6. "I'm Not Immune" by Forgetters

Blake Schwarzenbach couldn't care less if you want to hear a rehashed version of his former bands Jawbreaker or Jets to Brazil. With Forgetters, he reaches back to his punk roots while proudly wearing his new wave and goth influences on his tattered sleeve. Line of the song: "Is there some place we can go / And use each other in the dark?" Yes, Schwarzenbach still has it, folks.

5. "The Nights of Wine and Roses" by Japandroids

It starts with the fireworks. Then comes drummer David Prowse's bombastic floor tom beat. An antagonizing guitar fill follows. Then, boom! Brian King lunges face first into an anthem about smoking and drinking away any remaining semblance of care. Halfway through King yells like hell to the heavens and, no doubt, he is heard loud and clear.

4. "Thinkin Bout You" by Frank Ocean

The perfect opening track on a near-perfect album. Ocean opens up and shows off his infinite range while he gushes over the one that got away. I spent months thinking the chorus was "Do you light things on fire? Heyyy…," only to realize it's "Do you not think so far ahead." I still like my interpretation better.

3. "This Summer" by Superchunk

The essential summer banger of 2012. It touches on road trips, mix tapes, sleeping bags and practically every other endearing element that comes with summer fun. Twenty-plus years into its career, Superchunk has perfectly toed the line between aging gracefully without ever growing up.

2. "Old Black Hole" by Dr. Dog

Track two on Dr. Dog's near-perfect "Be the Void." This tune finds singer/guitarist Scott McKinney aimlessly pacing through a life of contradictions and clichés. "Old Black Hole" bundles everything I love about Dr. Dog into a three-minute pop nugget: swirling organs, witty lyrics, layers of percussion and a funky bass line.
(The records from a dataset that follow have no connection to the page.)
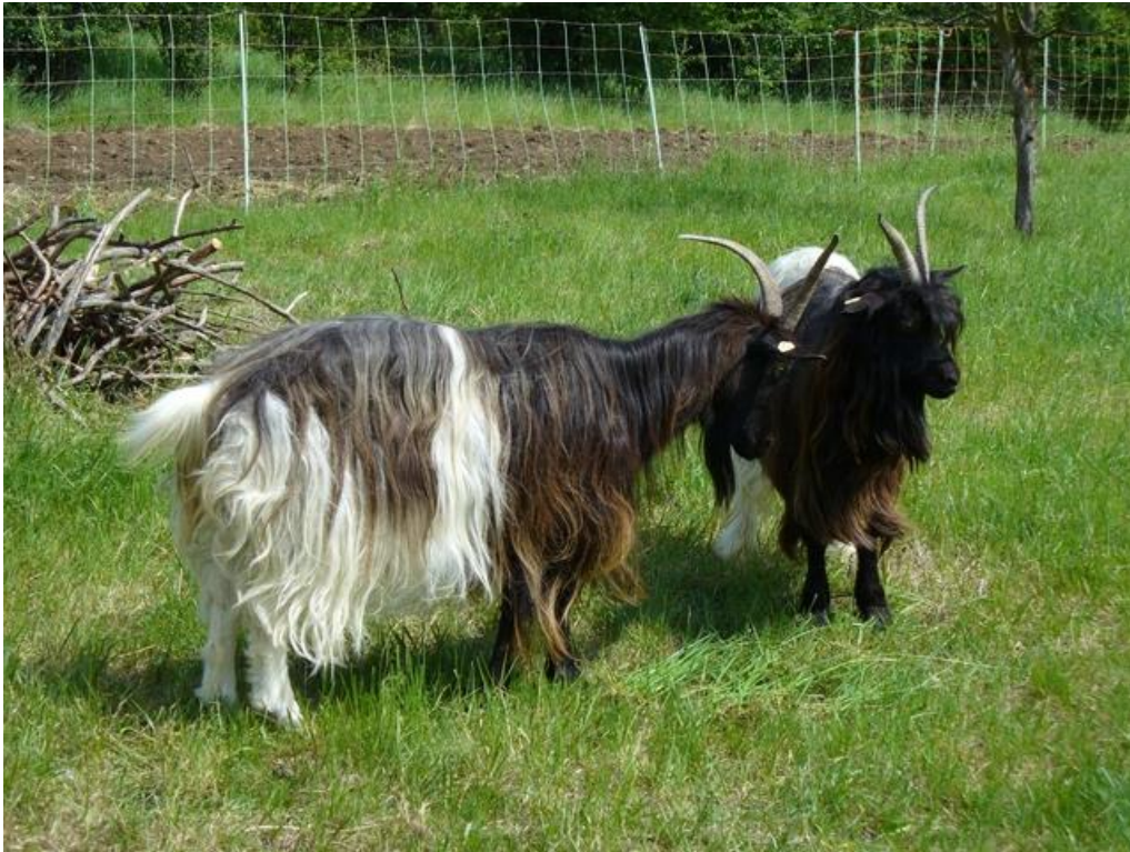
Abbildung 8: Walliser Schwarzhalzziegen eignen sich für gröbere Arbeiten wie den Verbiss von Gehölzen.
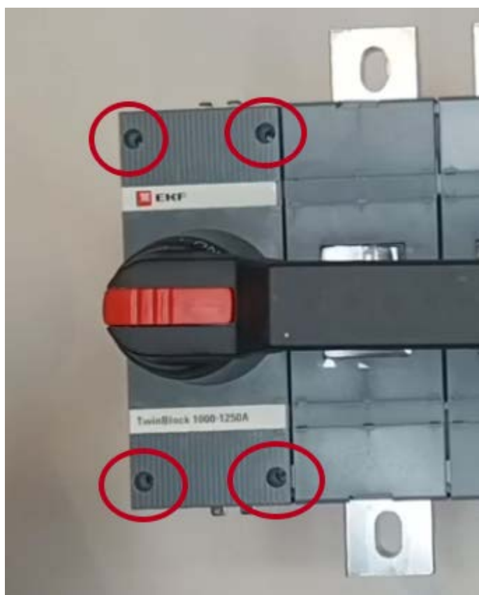
Винты для фиксации панели
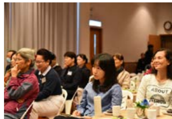
臺下的聽眾一邊認真的聆聽，一邊寫筆記
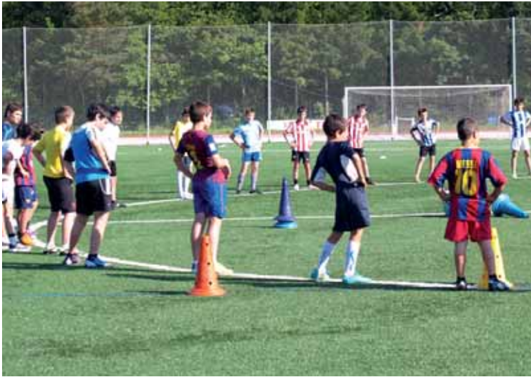
Futbolariak udako futbol campusean trebatzen.
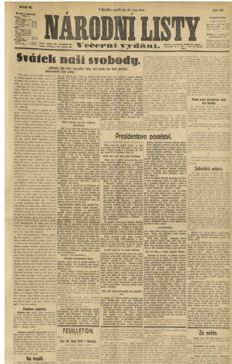
Titulní list večerního vydání Národních listů (knihovna FSV UK)

společenském životě, sexu, hojnou inzercí i soutěže. Ženám byl určen týdeník Večery pod lampou s romány typu „jak chudé děvče ke štěstí přišlo“.
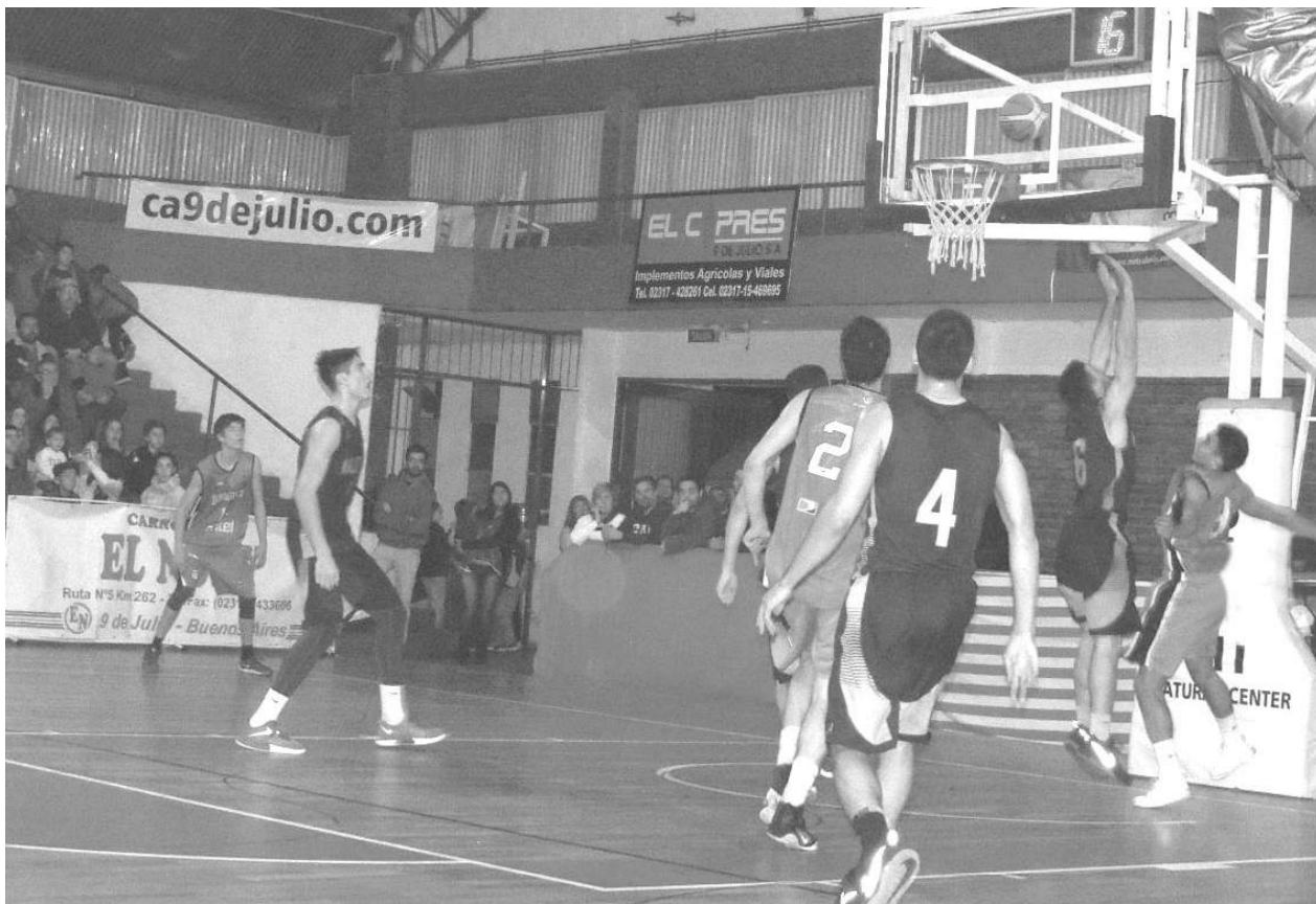
Un pasaje del partido internacional realizado en nuestra ciudad.
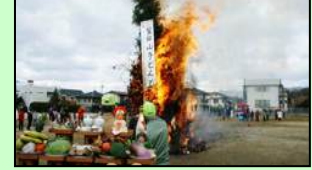
もちつき・神事・点火の様子です
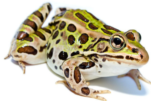
La grenouille léopard

Les femelles pondent dans l'eau des œufs qui se transforment en têtards. Ils respirent avec des branchies comme les poissons, puis deviennent des grenouilles et possèdent des poumons et respirent aussi par la peau. Le têtard naît avec une petite queue lui permettant de nager, celle-ci disparaîtra quand ses quatre pattes auront poussé.
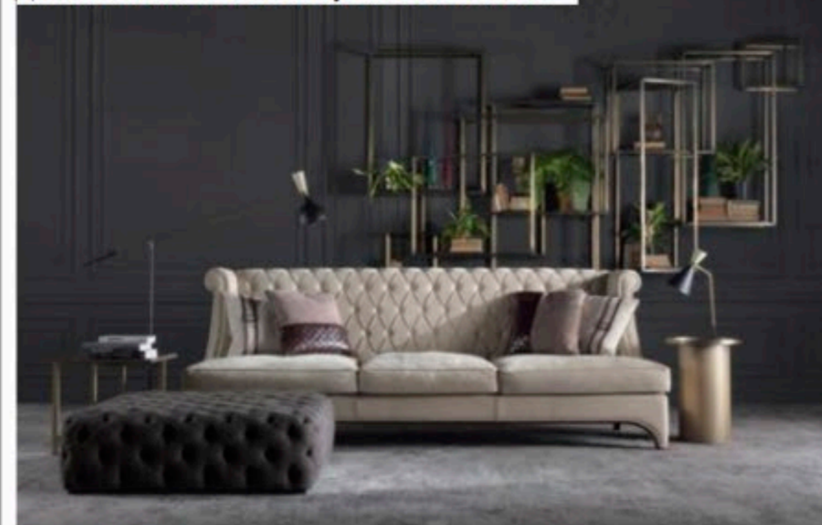
Диван BRADMORE ок Gianfranco Ferré Home

“La capacità creativa del nostro gruppo attraversa in modo trasversale periodi storici, culture e mondi differenti. Lo spirito creativo che ci guida attualmente ci porta verso linee più contemporanee e pulite in termini formali”
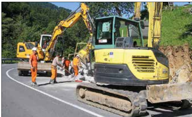
Delavci podjetja VOC Celje bodo povečali pretočnost prometa in varnost na tem delu Soteske.

Do problematičnih situacij pri vožnji skozi ta ovinek prihaja predvsem v primerih, da se ravno tam srečujejo tovorna vozila in avtobusi. Glede na gostoto prometa je širina cestišča na tem mestu preozka. Vozniki, ki ovinek poznajo, ga ubirajo počasi in previdno, da lahko v primeru sreče-
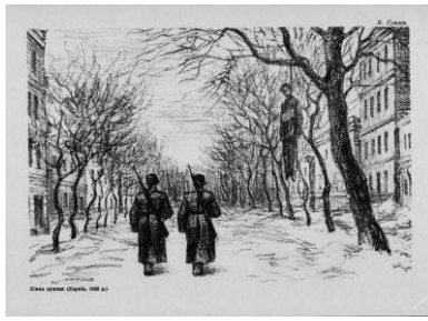
Фото 22. Кінна вулиця (Харків, 1942 р.), худож. П. Супонін
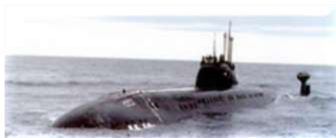
Атомная подводная лодка Б-414 «Даниил Московский»
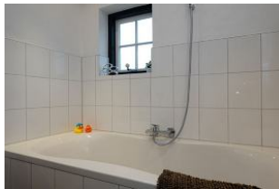
...die Badewanne für das "Relaxprogramm"
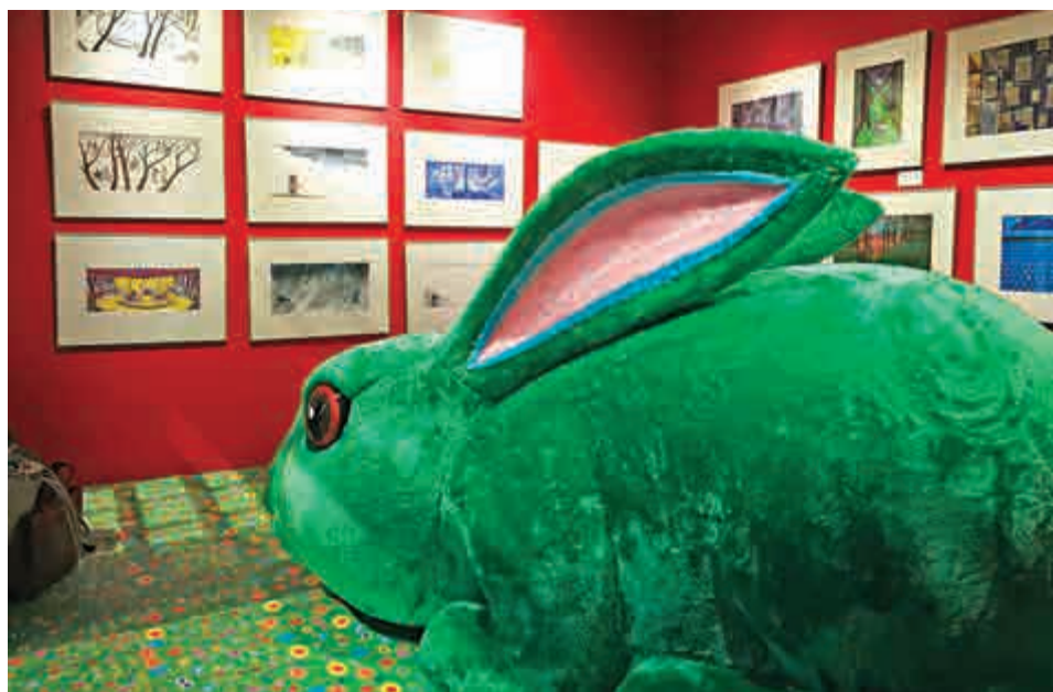
▲展覽隱藏「彩蛋」的「巨大毛毛兔」
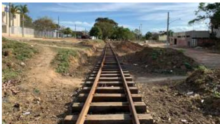
♦ km 2+300 antes e após as obras, aguardando lastro

1. "Bitch Don't Kill My Vibe" by Kendrick Lamar

While Lamar's "good kid, m.A.A.d. city" album was arguably a bit overrated, not enough can be said about this track. His ghetto-alien drawl curls and wraps around a smokey R&B guitar strum, while a machine gun hi-hat taunts a bottomed-out bass kick. Is this what OutKast would sound like if they were from Compton?